雨沿檐打在青石上,声音细碎又连着。殿中灯光低,烛影在檐板上横拉成斑。书案上摊着一卷折得生硬的奏章,墨色边缘还带着微湿。丞相的袖口沾了几点墨,指尖残留着刚刚翻阅纸张的凉感。
太子笑得像是砌石头,嗓音短促,“丞相写得委婉,字字染着天下苍生的苦,可你家里,可曾分过一粒米?”他的话像石子,砸在地面上,弹起细小的回声。朝臣里有人嗤笑,声音挤成一股,往外冒气。
丞相眯起眼,眉间有一道纵向的浅纹。他说话仍是书卷味——句子长而条理清晰,“皇太子,国事不宜喧闹于众。若以私怨推国计,民之祸必大于朝之和。”他的话语稳,像被磨过的檀木,声音里藏着挤压过的冰凉。
太子伸手把奏章拍回桌上,纸页折起,一角尖利。他的笑变短,带着锋,“别读经书了,别拿文辞遮掩。你这副老面孔,站在风口,怕得要命。”他盯着丞相,像在数他的老年点数。
丞相的手,停在半空。掌心翻了下,一片白。唇线抽动一次,他没有回骂,眼里的闪动却像雨后的瓦缝里流出的光,短促而急。殿外一阵风,鞍铃轻响,仿佛有人在听候后续。
太子一脚踏上殿心,脚步粗短,声音像铁片撞盘,“既然怕,就跪下。让我见见,你这位丞相的胆量,究竟薄到什么地步。”他话落,身边的宦官递上一枚印泥,手不可抑制地发着微颤。
所有人的呼吸同时收紧。丞相没有动。屋檐下的雨声被放大,像是能听到每一粒水珠撞击的怯声。有人开始低声议论,声音像冰上的裂缝慢慢延伸。丞相的眼角闪过一抹红,像要溢出他惯常的冷静。

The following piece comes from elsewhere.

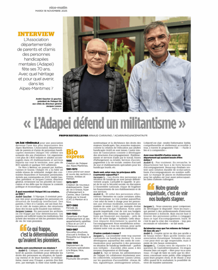 L’ADAPEI des Alpes-Maritimes est une association à but non lucratif fondée le 22 avril 1955. Affiliée à l'UNAPEI reconnu d'utilité publique, elle accompagne aujourd’hui près de 1 820 enfants et adultes en situation de handicap et/ou de vulnérabilité. Ce soutien s’organise au sein de 45 établissements et services répartis dans tout le département.

太子伸手,一把扯下丞相袖口带着旧痕的绣片,握在手里揉弄,“这是你妻妾的东西吧?不错,好收拾。”他将绣片按在案上,像压住证据。丞相的呼吸变了,短促而有力。他忽然伸手,稳稳把绣片夺回,指节白得像走笔停住的纸。
太子眼中闪过一瞬别样,嘴里嘶声,“那就好。既然舍不得脸面,便用血印。”他拇指一抖,示意旁边的宦官。宦官递来一柄小刀,刀身在烛光里流出冷冷的一线。殿里瞬间安静,连雨声都像被切住。
丞相的掌心贴在桌面,像贴着老石。他抬眼,那一瞥没有怯色,只有一股早被压得太久的东西在冒烟。太子笑得更短,“把血点在这纸上,写上你全部的罪状,方可了事。”
丞相没有说话。他把刀夺过,力度并不大,却像有人把一个封条撕开。刀尖轻抵指尖,鲜红的短线立刻爬出,像被锥刺的麻绳。血液落在纸上,形成一个深红的圆。所有人的眼睛像被针挑着,瞳色都紧缩。
他没有用手按那血印。他把整只手掌覆上那枚尚在颤抖的红印,用力,一点点把血摊开,像是在把某种不能说的东西抹平。掌心的温热,穿过纸,传到桌面。房间里的影子挪动,像撤退的动物。
他抬头,声音低得几乎是对自己,“从来不是羞于跪,而是羞于用血去换你们的笑。”每一个字都短促,像砍下来的木片。太子脸色变了,傲慢像被绳子勒紧。殿内的一切突然像被一种新的重力拉扯。
丞相把手从纸上抽回,掌心留下一圈湿红,像一个不肯消褪的诅咒。他没有收起刀,也没有收回血印,只是站在原地,整个人像是冰裂后露出的深红。雨停了一瞬,寂静像被压住的鼓点,蓄着将要爆响的力。
太子想要伸手夺回那纸。丞相先一步把纸揉成球,紧紧攥在掌里,接着像掷石一样朝太子朝臣群掷去。纸球在空中打开,血渍四散,像有字句在空中解体。每一个看见那一瞬的人,胸口都被轻轻一捅,像是被提醒了一个不能忘的名字。